How Circular Economies Fight Poverty


SEATTLE — Ecosystems, like our modern economies, are webs of transactions that depend on natural resources and a balance between supply and demand. Plants and animals, however, do not over extract, over-consume and waste resources. They take what they need and eventually recycle nutrients and energy back into the environment. Modern circular economies are designed to mimic these natural cycles. Through circular design, resources are recycled and used more efficiently, leading to dramatic reductions in waste and energy loss. Circular economies fight poverty by cleaning up the environment and creating more economic opportunities in developing countries. They also make businesses more sustainable and profitable.

From Linear to Circular

Most of the world today operates within a linear economy, or a “take, make, throw away” model. Consequently, two billion tons of solid waste are created every year, which is equivalent to five times the weight of all people on Earth. But, while we continue to extract more and more limited resources from the planet, we are ignoring the resources circulating right in front of us.

Take the U.K.’s National Industrial Symbiosis Programme, for example. It connects seemingly dissimilar industries and uses one industry’s byproducts to support another industry. Over the last several years, companies that have participated in the program have saved more than $1.9 billion in production costs while also cutting carbon emissions by over 30 million tons.

Circular economies are not designed to conflict with economic interests; if anything, circular design allows companies to maximize their profits while simultaneously conserving resources and creating more jobs. As a circular approach expands across the European Union, an estimated three million new jobs will be created by 2030. Climate action objectives and circular economies go hand in hand, and they are leading the fastest growing markets for renewable energy and sustainable production. Reaching the Paris Agreement targets would boost the global economy with an investment of $90 trillion.

A Solution to Poverty

In the last decade, countries such as Finland, Germany and Japan have taken a lead in circular economy investments. The same needs to be done in the developing world. If the U.N. is committed to ending extreme poverty by 2030, then its Sustainable Development Goals (SDGs) must focus on circular economies. Timo Mäkelä, the Senior Advisor of Sitra, the Finnish Innovation Fund, is certain that circular economies fight poverty. “Efficient recycling of materials generates new jobs,” Mäkelä explains. “It also creates economic growth, which is needed especially in poor countries.” Thus, circular economies fight poverty and create a better world.

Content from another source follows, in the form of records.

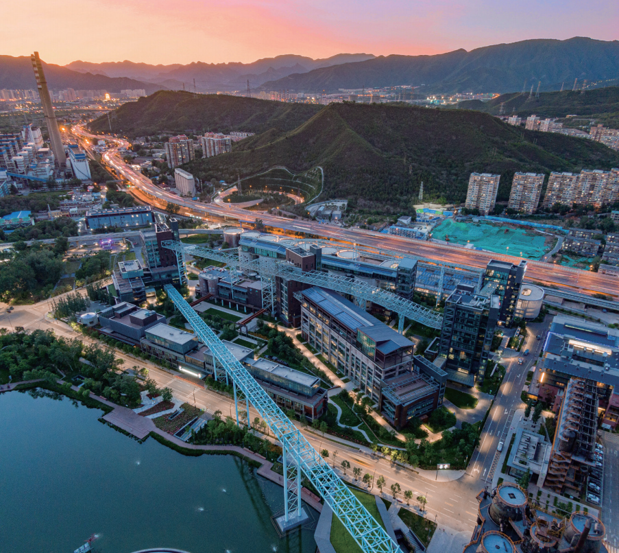 首钢冬奥广场项目位于新首钢高端产业综合服务区工业主题园区的西北部,总建筑面积8.8万平方米,曾作为北京冬奥组委的办公场地。整体园区共有单体建筑11栋,从2600平方米到22000平方米不等,承载业态包括企业独栋、会议楼、展示中心、员工餐厅、商业街区等,另配有专用停车楼,是打造“北京国际科技创新中心的首钢高地、北京国际消费中心城市的首钢支点”的重要产业载体。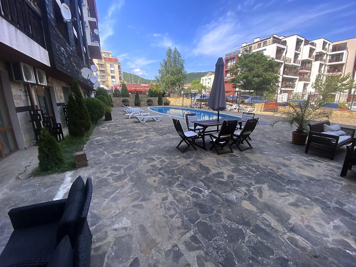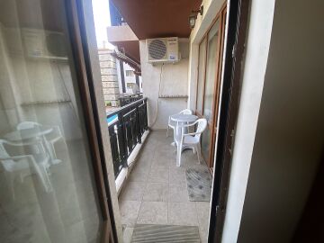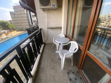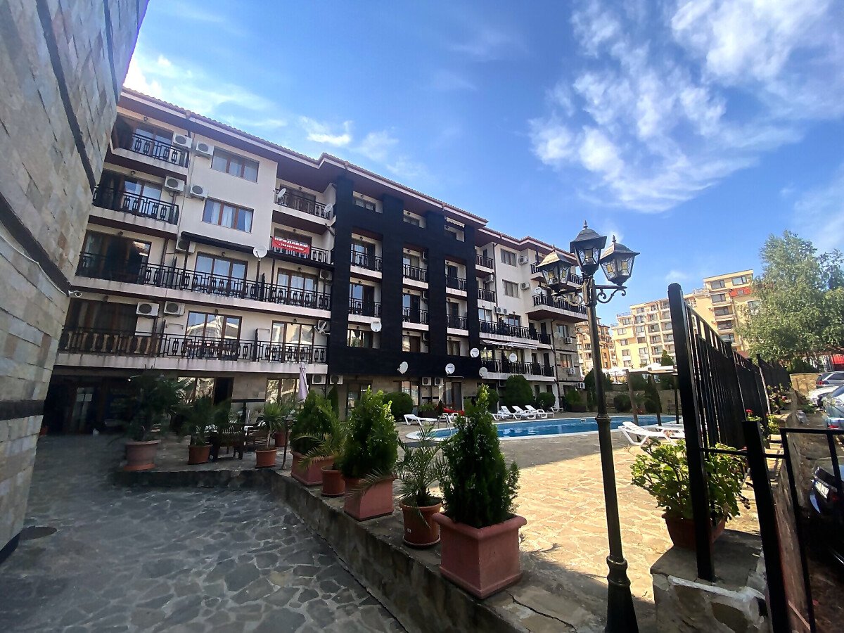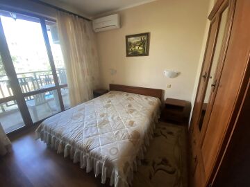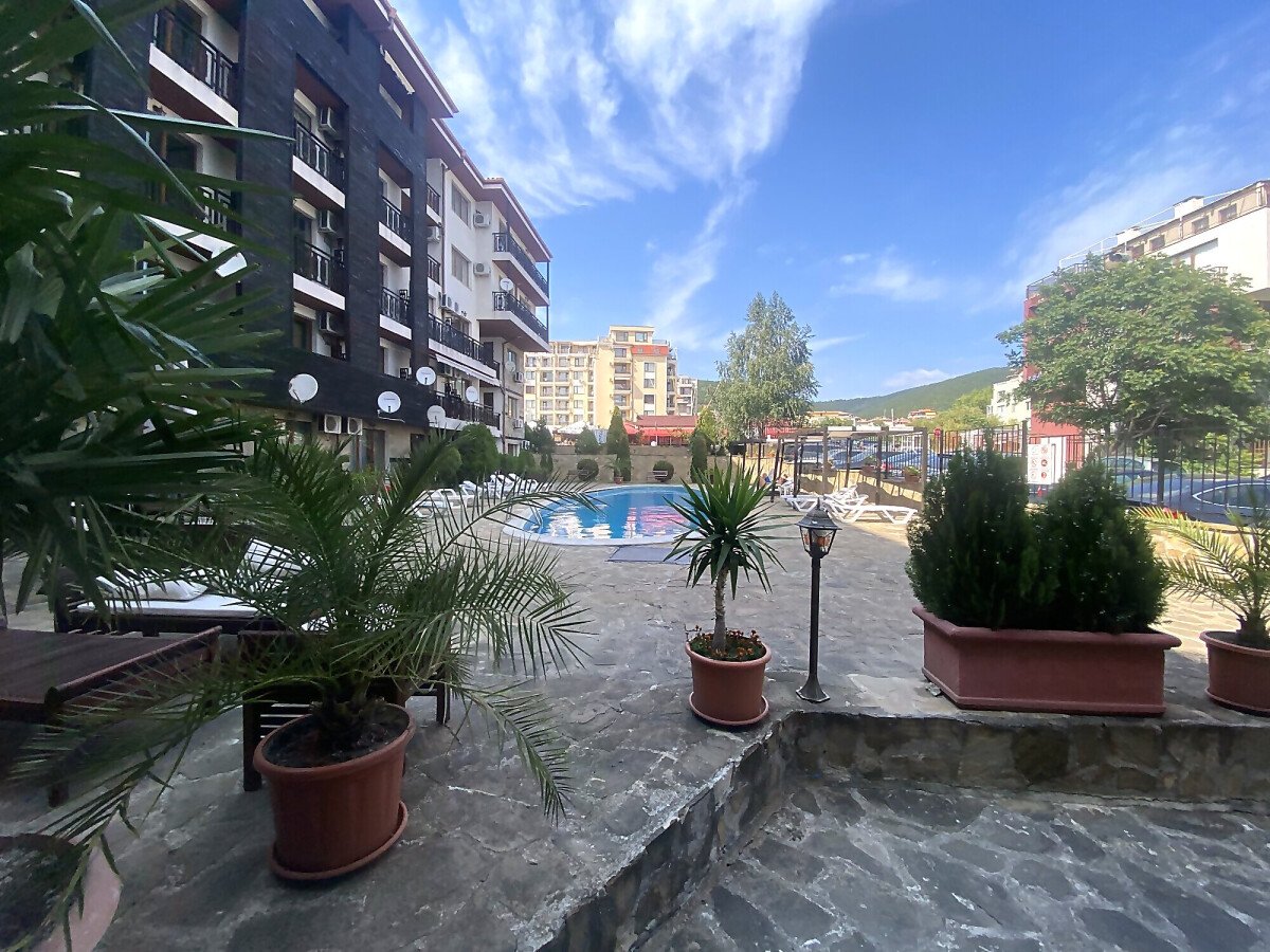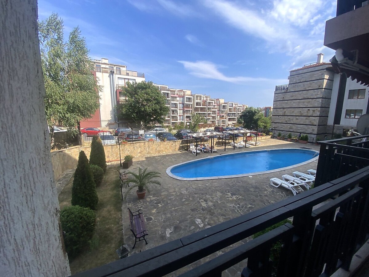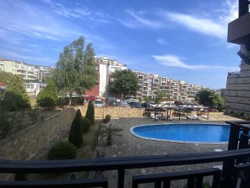 BG Properties Invest ви предлага чудесен двуестаен апартамент в комплекс Панорама Бей в Свети Влас, който се намира само на 300м от море и на 1,2 километра от пристанище Марина Диневи. Апартаментът е напълно обзаведен, разполага с просторна всекидневна, светла спалня, кухня, баня и уютна тераса с гледка към басейна и градина. На територията на самия комплекс има басейн, детска площадка и безплатен паркинг. Апартаментът се намира на втори етаж и е с площ 74кв.м.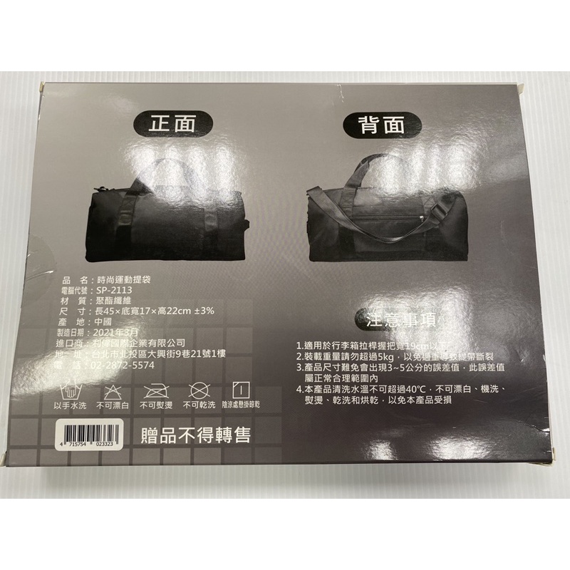 全新 時尚運動提袋(黑色)SP-2113 可當行李箱拉桿包(外包裝有贈品字樣)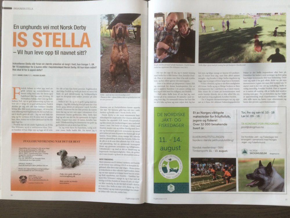 Nå er det ingen vei tilbake Skrevet av Team Selmer den juni 27, 2016 Da var endelig Fuglehunden’s utgave nr.4 kommet. Og det ble en fin reportasje om vår vei mot Derbyet! Dette blir morro!! Del dette: Klikk for å dele på X(åpnes i en ny fane) X Klikk for å dele på Facebook(åpnes i en ny fane) Facebook Lik Laster inn... Relatert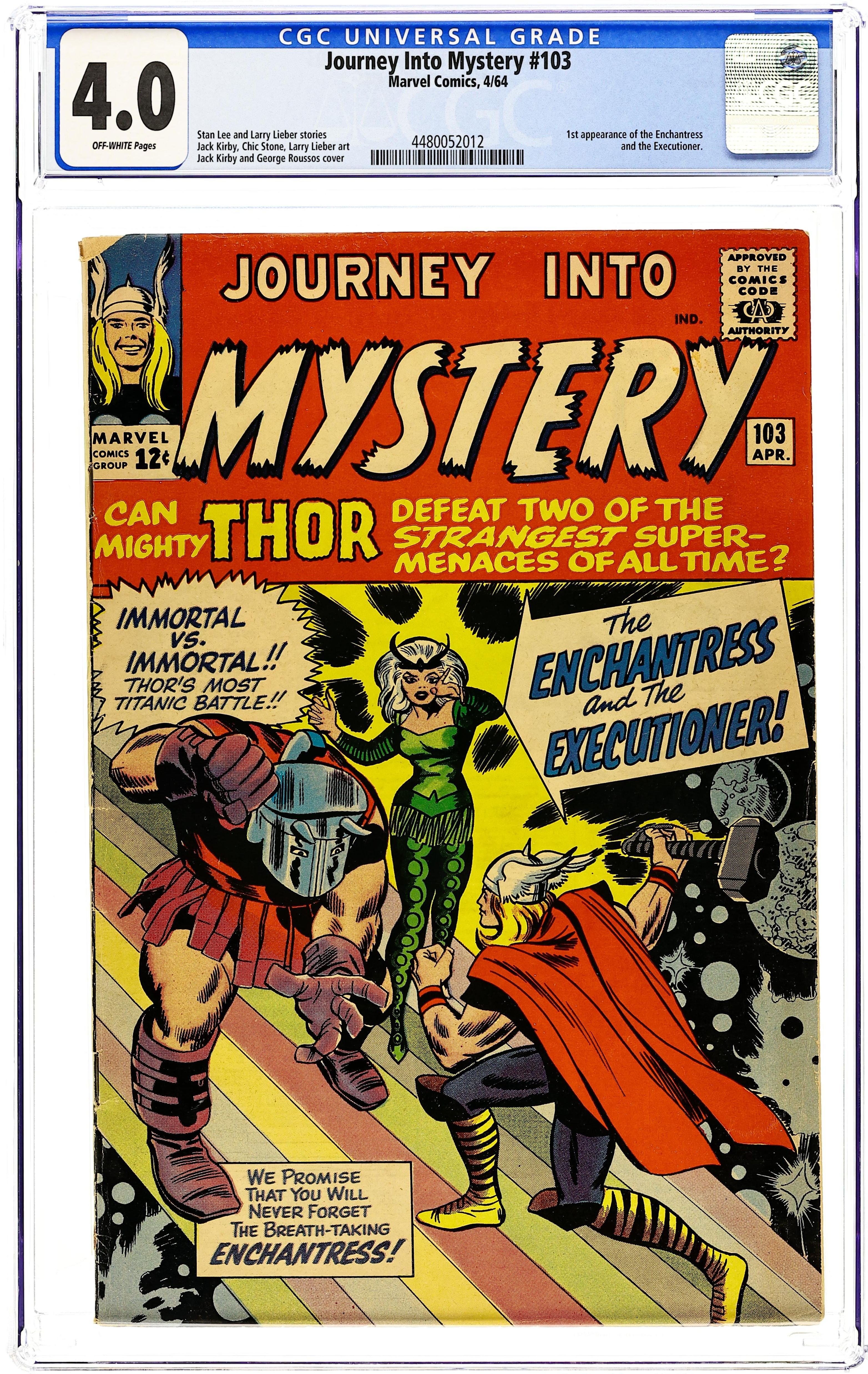 Ended Jun 30 2025 Winning Bid $155 Cover pencils by Jack Kirby, inks by George Roussos. "The Enchantress and the Executioner!", script by Stan Lee, pencils by Jack Kirby, inks by Chic Stone; Loki and Odin conspire to end Thor's infatuation with Jane Foster by sending the Enchantress to seduce him away from his mortal love; The heavy handed Executioner fouls things up and the mission is unsuccessful; features the first appearance of the two title characters. "Poor Oscar" text story. "To Live Forever!", script by Stan Lee (plot) and Larry Lieber (script), pencils by Larry Lieber, inks by Chic Stone; In a future where capital punishment has been abolished, the maximum sentence is 90 years imprisonment; A brilliant scientist decides to find a way to make himself immortal, so he may commit crimes with impunity, but turns himself into a rock. This issue also has a statement of ownership: average print run 318,413; average paid circulation 187,740. "Thor's Mission to Mirmir!", script by Stan Lee, pencils by Jack Kirby, inks by Chic Stone; Thor must reach Mirmir to tell him that Odin has decided it is time to create the human race. 36 pgs., full color. Cover price $0.12. Grade: CGC 4.0 explanation of grade Condition: Used (collectible)

A joint report by the U.N. and the Ellen MacArthur Foundation estimates that, by adopting circular principles in the agriculture and vehicle manufacturing industries, India could create $218 billion in additional profits by 2030 and reduce greenhouse gas emissions by 23 percent. Developing countries are beginning to take steps towards a circular economy. Here are a few examples:

  • Remanufacturing in Ghana: Microenterprises in Suame, Ghana recycle, remanufacture and repair cars. After being in operation for 30 years, 200,000 people are employed and 12,000 small businesses are in operation.
  • Circular Policy in China: In 2009, China passed the Circular Economy Promotion Law, which called for more investment in the circular economy, increased resource efficiency, protection of the environment and promotion of sustainable development.
  • Composting in Brazil: Procomposto is a Brazilian business that collects and composts food waste that would otherwise be destined for a landfill. In Brazil, half of the waste coming from restaurants, supermarkets and apartment blocks is organic, meaning the compost can be utilized for organic farming. 
  • Industrial Recycling in Nigeria: African Foundries is leading Nigeria’s steel market and taking a circular economy approach. The company powers its factories with natural gas, a byproduct of oil drilling that would normally be discarded and released into the atmosphere.

A Quadruple Win

Circular economies fight poverty in multiple ways. They create more jobs, new industries and economic stability despite limited natural resources. They also curb pollution and mitigate global warming. Instead of burying waste or releasing it into the atmosphere, industries collaborate to reuse and regenerate it. With nine million people dying every year due to pollution, a circular economy could also save lives.

In many ways, our current linear economy is simply unsustainable. With people in poverty bearing the highest costs of over-extraction and pollution, we need an economic model that addresses poverty not just now but in the future as well. Circular economies are designed to last and evolve with a changing planet, and they may be one of our best chances to end poverty.